EXERCISE BRIEF:
Using the records below, copy exactly the part that opens with the line holding "Stay stylish and" and closes with the line holding "Aquamarine Baguette Side", minus the pictures.
══ RAW DATA ══
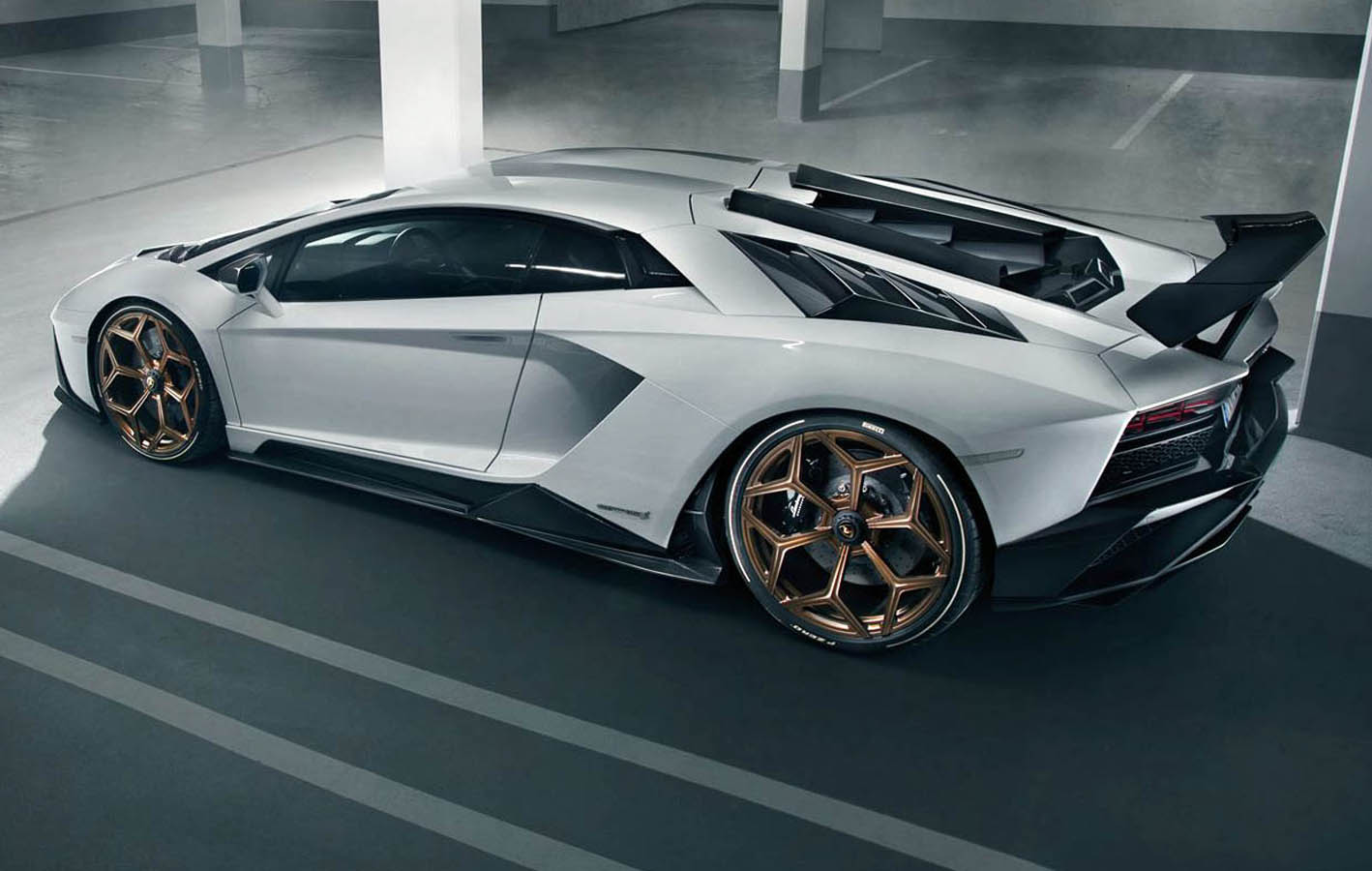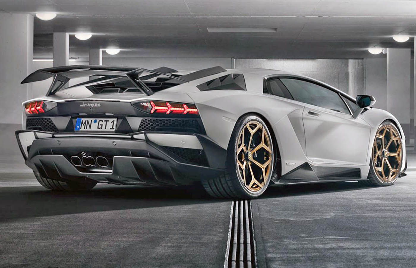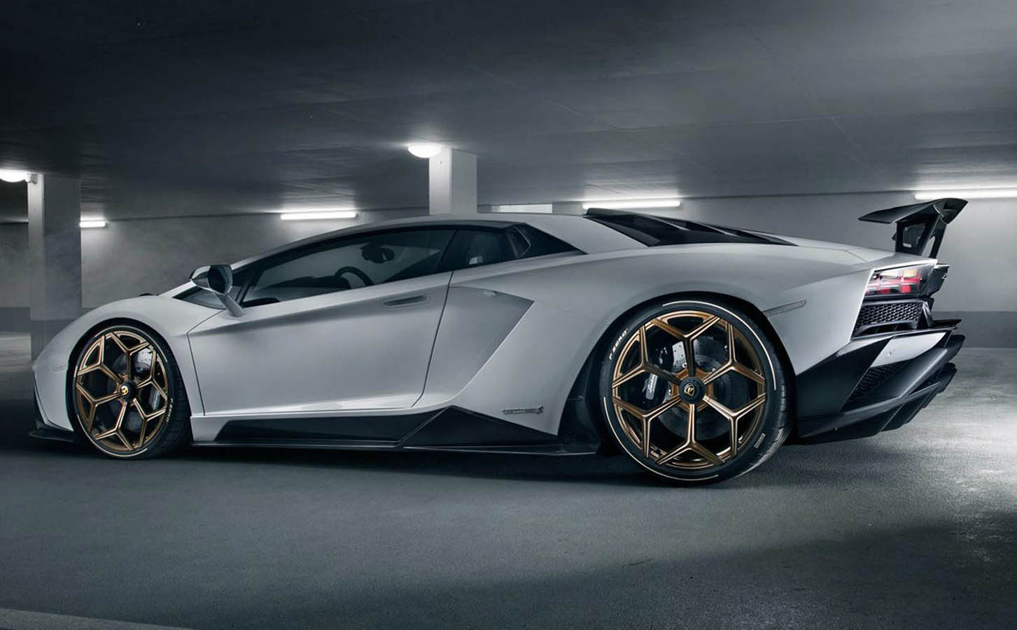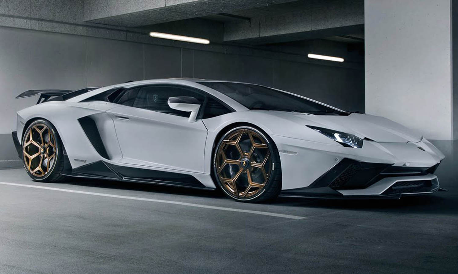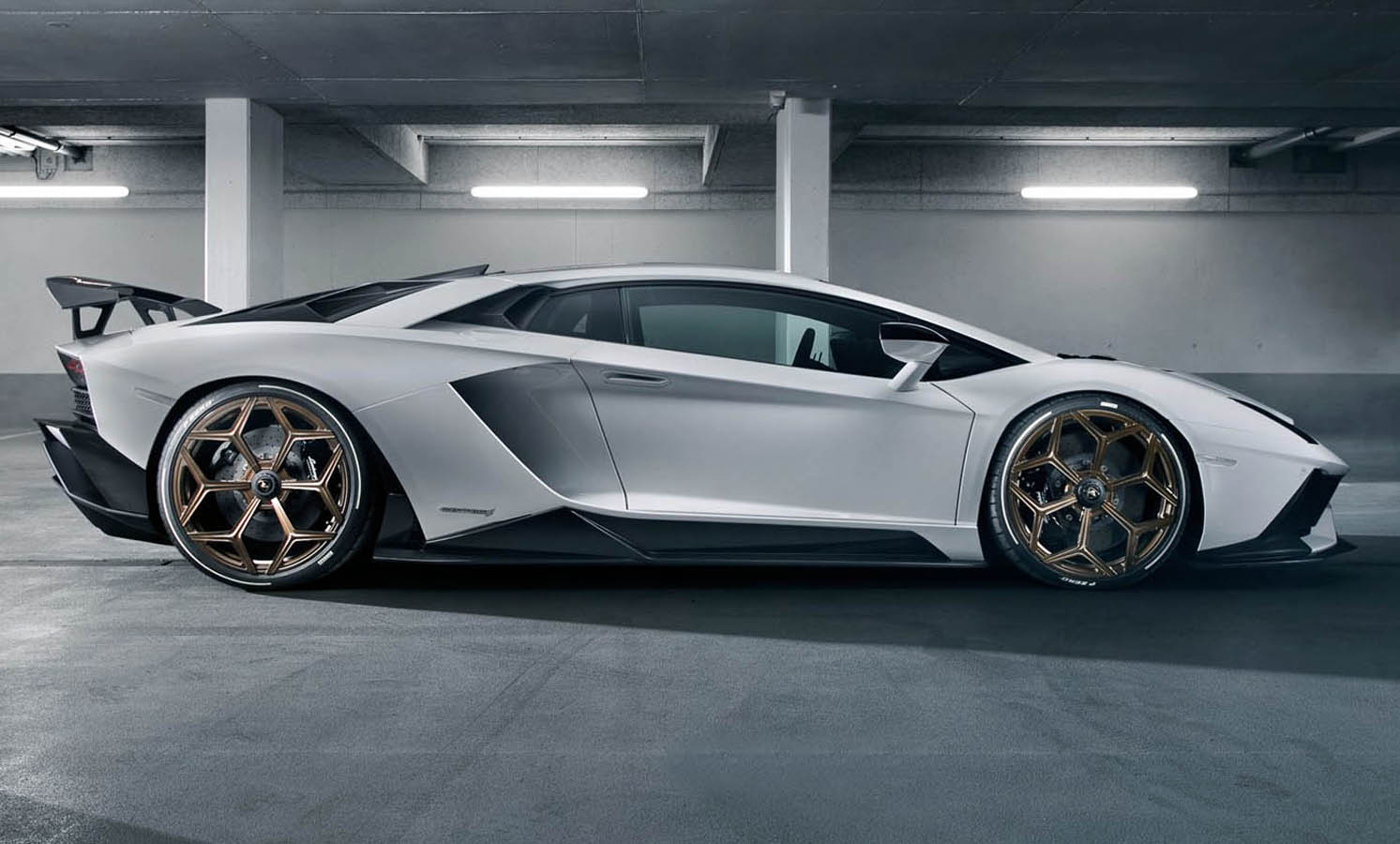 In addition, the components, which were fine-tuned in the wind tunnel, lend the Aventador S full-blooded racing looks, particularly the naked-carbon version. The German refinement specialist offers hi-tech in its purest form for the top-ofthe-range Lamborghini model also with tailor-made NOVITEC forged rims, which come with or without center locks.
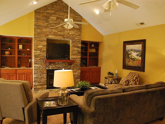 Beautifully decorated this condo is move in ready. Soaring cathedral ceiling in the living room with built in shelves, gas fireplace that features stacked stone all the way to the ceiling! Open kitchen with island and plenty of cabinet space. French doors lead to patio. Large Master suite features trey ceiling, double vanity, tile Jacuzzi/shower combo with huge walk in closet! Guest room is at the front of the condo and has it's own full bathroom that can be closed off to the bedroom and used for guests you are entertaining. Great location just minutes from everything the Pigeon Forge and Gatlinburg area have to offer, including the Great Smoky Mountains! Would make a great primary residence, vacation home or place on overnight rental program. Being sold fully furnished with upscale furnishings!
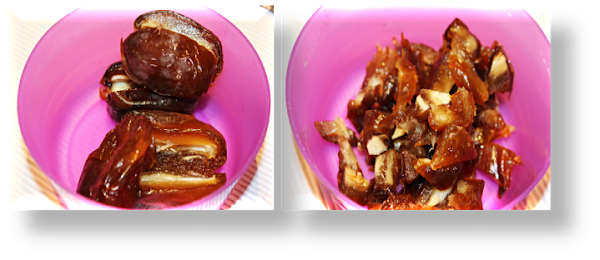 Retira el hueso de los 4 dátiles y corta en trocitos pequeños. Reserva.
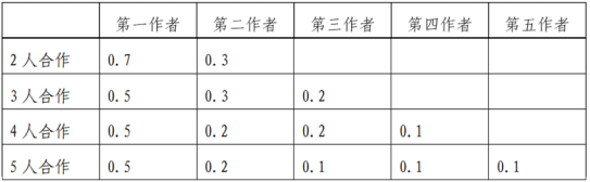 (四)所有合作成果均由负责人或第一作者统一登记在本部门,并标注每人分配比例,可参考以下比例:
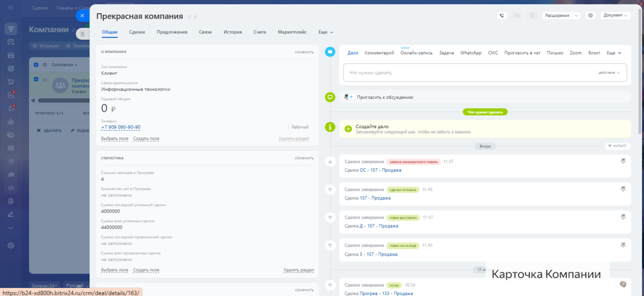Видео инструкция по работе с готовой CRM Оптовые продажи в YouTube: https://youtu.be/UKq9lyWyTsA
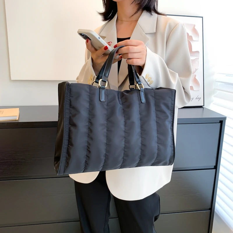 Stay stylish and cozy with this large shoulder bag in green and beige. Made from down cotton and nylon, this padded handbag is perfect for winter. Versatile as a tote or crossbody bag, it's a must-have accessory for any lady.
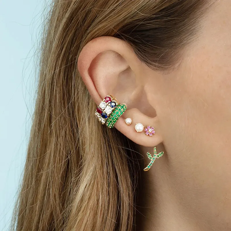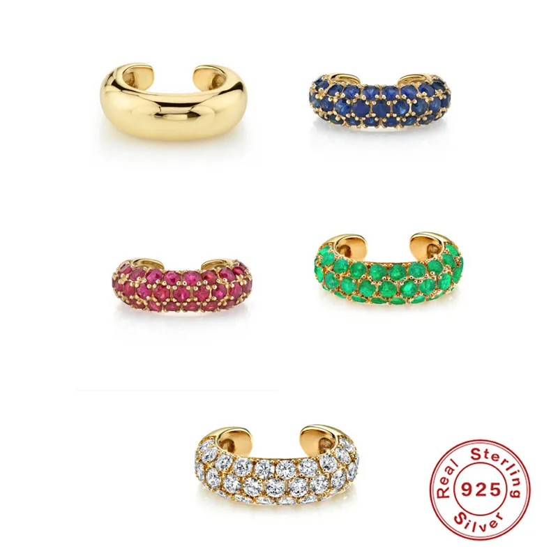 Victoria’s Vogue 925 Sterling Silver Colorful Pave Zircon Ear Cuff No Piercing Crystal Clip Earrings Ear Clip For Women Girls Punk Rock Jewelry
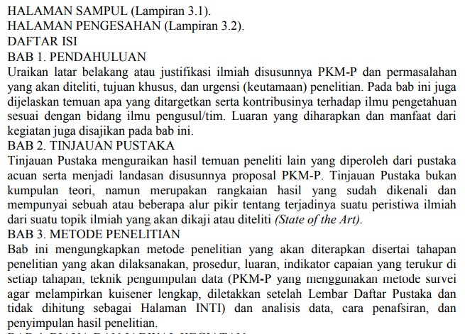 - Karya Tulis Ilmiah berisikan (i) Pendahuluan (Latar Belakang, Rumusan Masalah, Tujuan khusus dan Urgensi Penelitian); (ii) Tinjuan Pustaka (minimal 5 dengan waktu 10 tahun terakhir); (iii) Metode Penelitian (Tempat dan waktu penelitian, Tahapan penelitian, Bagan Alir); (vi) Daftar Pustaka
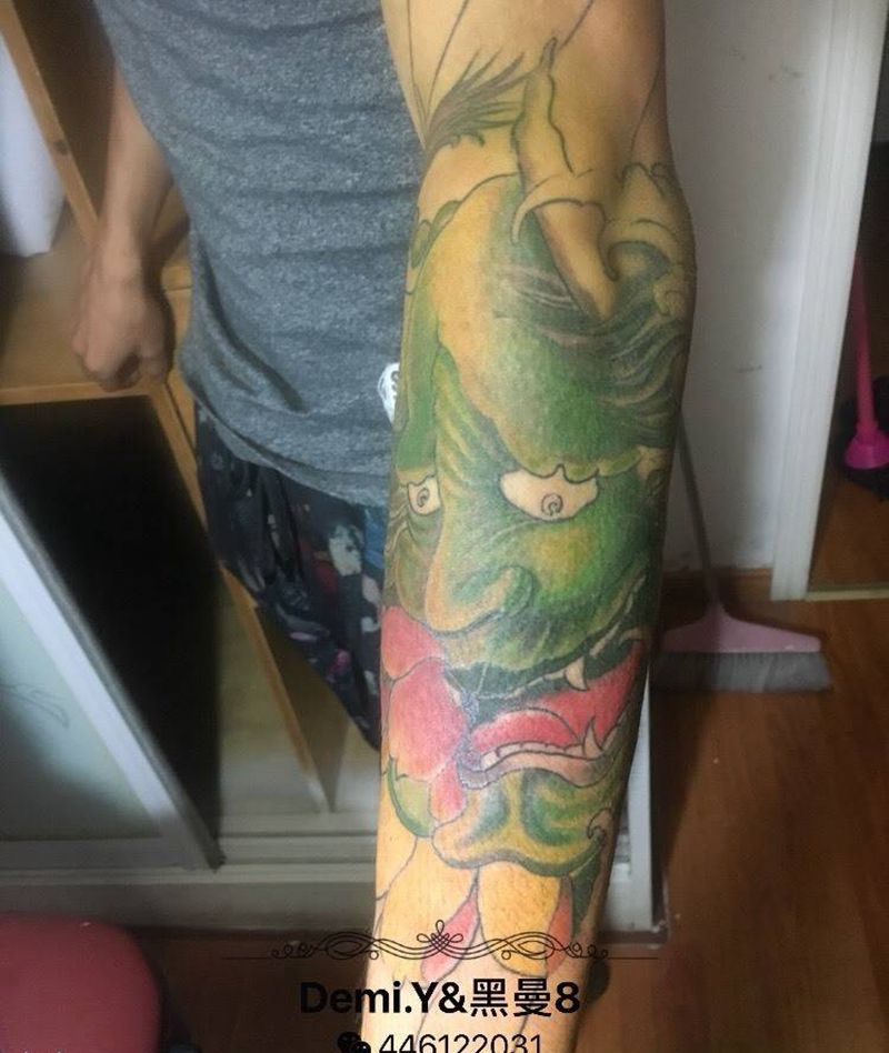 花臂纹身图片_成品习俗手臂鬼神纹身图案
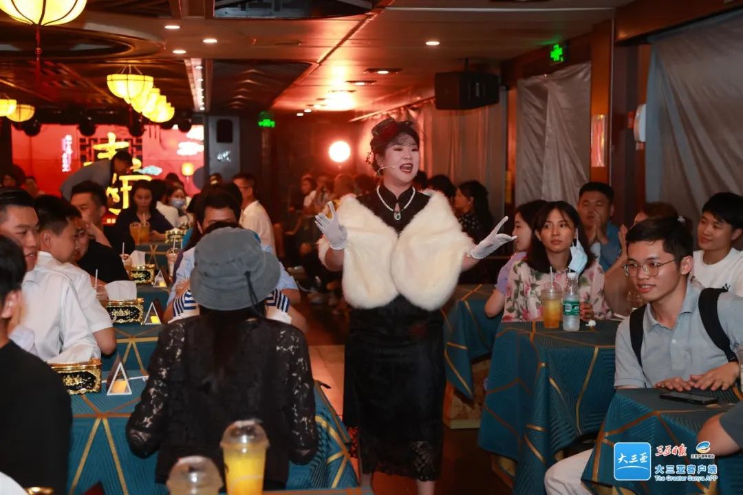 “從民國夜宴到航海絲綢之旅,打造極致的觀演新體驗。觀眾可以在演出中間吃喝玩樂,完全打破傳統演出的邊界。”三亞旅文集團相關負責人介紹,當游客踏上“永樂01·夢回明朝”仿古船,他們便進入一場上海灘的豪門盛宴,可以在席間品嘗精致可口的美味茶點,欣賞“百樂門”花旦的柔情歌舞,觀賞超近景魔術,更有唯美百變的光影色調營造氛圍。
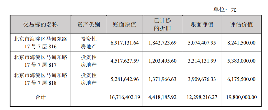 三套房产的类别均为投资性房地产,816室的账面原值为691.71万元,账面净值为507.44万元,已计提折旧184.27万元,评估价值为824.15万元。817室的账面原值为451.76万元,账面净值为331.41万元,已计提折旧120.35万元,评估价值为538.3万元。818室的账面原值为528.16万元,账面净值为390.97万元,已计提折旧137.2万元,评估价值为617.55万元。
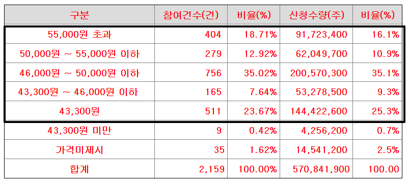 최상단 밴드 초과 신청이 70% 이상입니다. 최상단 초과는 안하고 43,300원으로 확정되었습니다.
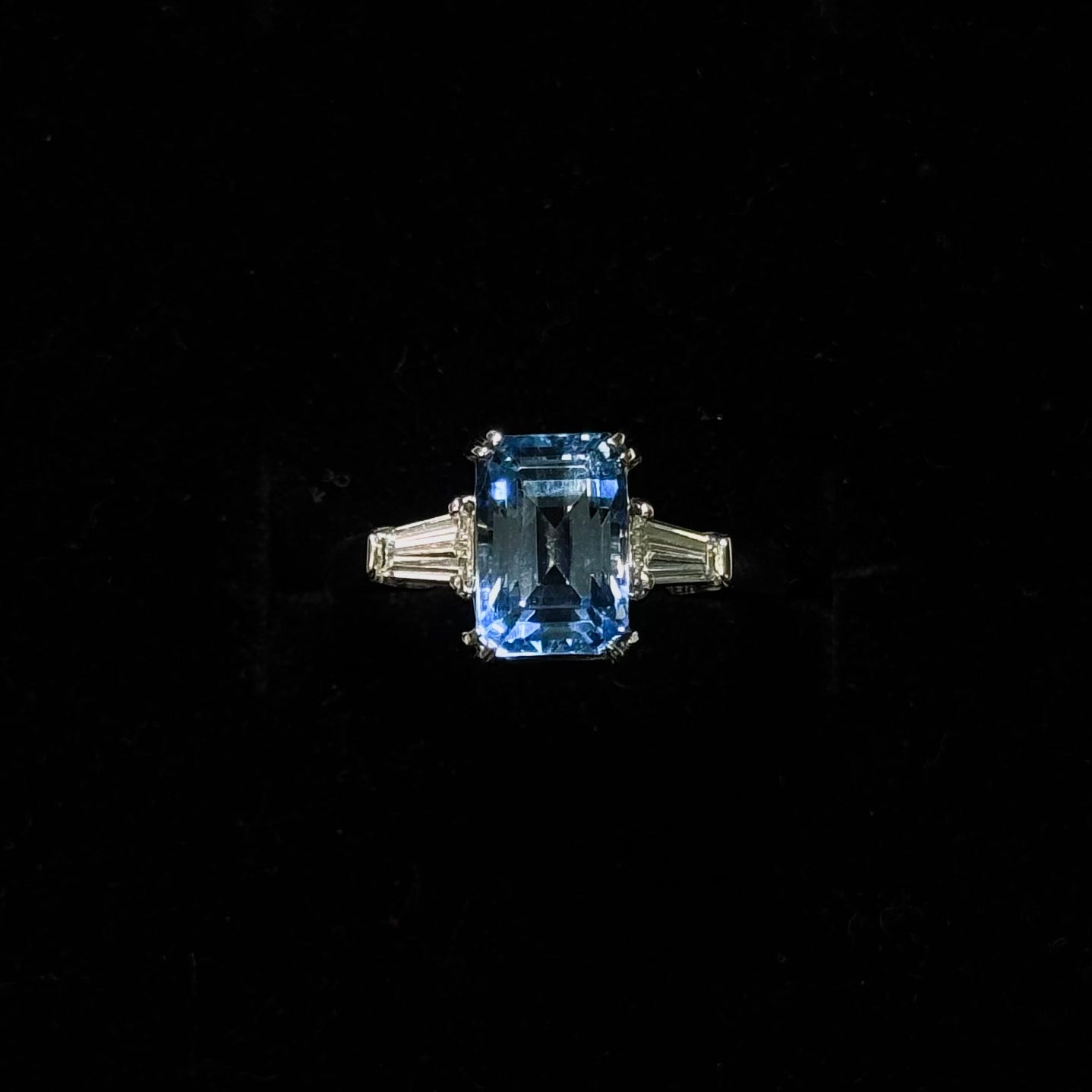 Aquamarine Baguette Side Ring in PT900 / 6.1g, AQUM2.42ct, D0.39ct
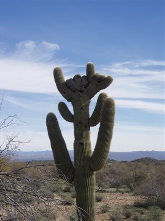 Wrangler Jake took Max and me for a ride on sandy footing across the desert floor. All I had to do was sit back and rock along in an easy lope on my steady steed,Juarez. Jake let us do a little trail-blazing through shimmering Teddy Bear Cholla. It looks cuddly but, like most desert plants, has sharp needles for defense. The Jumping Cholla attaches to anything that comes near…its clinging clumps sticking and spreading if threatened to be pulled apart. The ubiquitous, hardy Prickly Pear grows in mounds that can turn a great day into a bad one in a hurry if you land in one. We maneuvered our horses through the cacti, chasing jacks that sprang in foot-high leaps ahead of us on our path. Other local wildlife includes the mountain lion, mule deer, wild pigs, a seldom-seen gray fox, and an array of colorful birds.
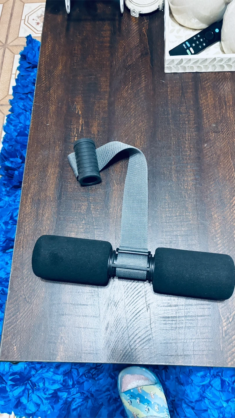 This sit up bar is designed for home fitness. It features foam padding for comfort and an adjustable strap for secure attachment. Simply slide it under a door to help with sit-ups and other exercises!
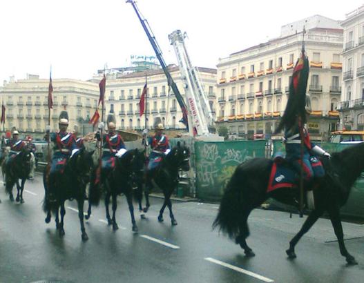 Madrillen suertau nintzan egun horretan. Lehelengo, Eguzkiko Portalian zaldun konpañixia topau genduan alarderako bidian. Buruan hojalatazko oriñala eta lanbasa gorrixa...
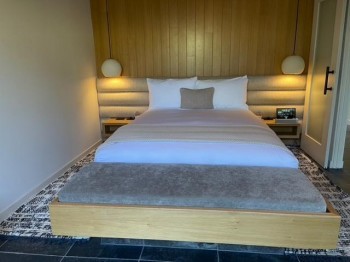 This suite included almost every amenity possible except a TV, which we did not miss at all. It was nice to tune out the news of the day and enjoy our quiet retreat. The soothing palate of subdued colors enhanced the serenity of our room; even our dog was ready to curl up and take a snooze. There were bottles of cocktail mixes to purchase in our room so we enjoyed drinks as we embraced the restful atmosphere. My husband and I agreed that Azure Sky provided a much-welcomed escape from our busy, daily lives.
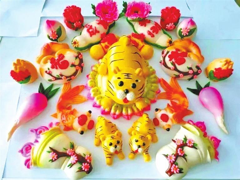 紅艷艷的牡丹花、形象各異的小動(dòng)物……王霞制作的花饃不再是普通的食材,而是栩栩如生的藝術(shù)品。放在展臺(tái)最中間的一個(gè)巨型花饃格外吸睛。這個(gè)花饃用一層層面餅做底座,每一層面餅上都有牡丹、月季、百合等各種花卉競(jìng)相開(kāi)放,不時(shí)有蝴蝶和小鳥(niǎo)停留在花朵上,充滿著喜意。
═══
RESULT OF THIS TASK:
 Stay stylish and cozy with this large shoulder bag in green and beige. Made from down cotton and nylon, this padded handbag is perfect for winter. Versatile as a tote or crossbody bag, it's a must-have accessory for any lady.
 Victoria’s Vogue 925 Sterling Silver Colorful Pave Zircon Ear Cuff No Piercing Crystal Clip Earrings Ear Clip For Women Girls Punk Rock Jewelry
 - Karya Tulis Ilmiah berisikan (i) Pendahuluan (Latar Belakang, Rumusan Masalah, Tujuan khusus dan Urgensi Penelitian); (ii) Tinjuan Pustaka (minimal 5 dengan waktu 10 tahun terakhir); (iii) Metode Penelitian (Tempat dan waktu penelitian, Tahapan penelitian, Bagan Alir); (vi) Daftar Pustaka
 花臂纹身图片_成品习俗手臂鬼神纹身图案
 “從民國夜宴到航海絲綢之旅,打造極致的觀演新體驗。觀眾可以在演出中間吃喝玩樂,完全打破傳統演出的邊界。”三亞旅文集團相關負責人介紹,當游客踏上“永樂01·夢回明朝”仿古船,他們便進入一場上海灘的豪門盛宴,可以在席間品嘗精致可口的美味茶點,欣賞“百樂門”花旦的柔情歌舞,觀賞超近景魔術,更有唯美百變的光影色調營造氛圍。
 三套房产的类别均为投资性房地产,816室的账面原值为691.71万元,账面净值为507.44万元,已计提折旧184.27万元,评估价值为824.15万元。817室的账面原值为451.76万元,账面净值为331.41万元,已计提折旧120.35万元,评估价值为538.3万元。818室的账面原值为528.16万元,账面净值为390.97万元,已计提折旧137.2万元,评估价值为617.55万元。
 최상단 밴드 초과 신청이 70% 이상입니다. 최상단 초과는 안하고 43,300원으로 확정되었습니다.
 Aquamarine Baguette Side Ring in PT900 / 6.1g, AQUM2.42ct, D0.39ct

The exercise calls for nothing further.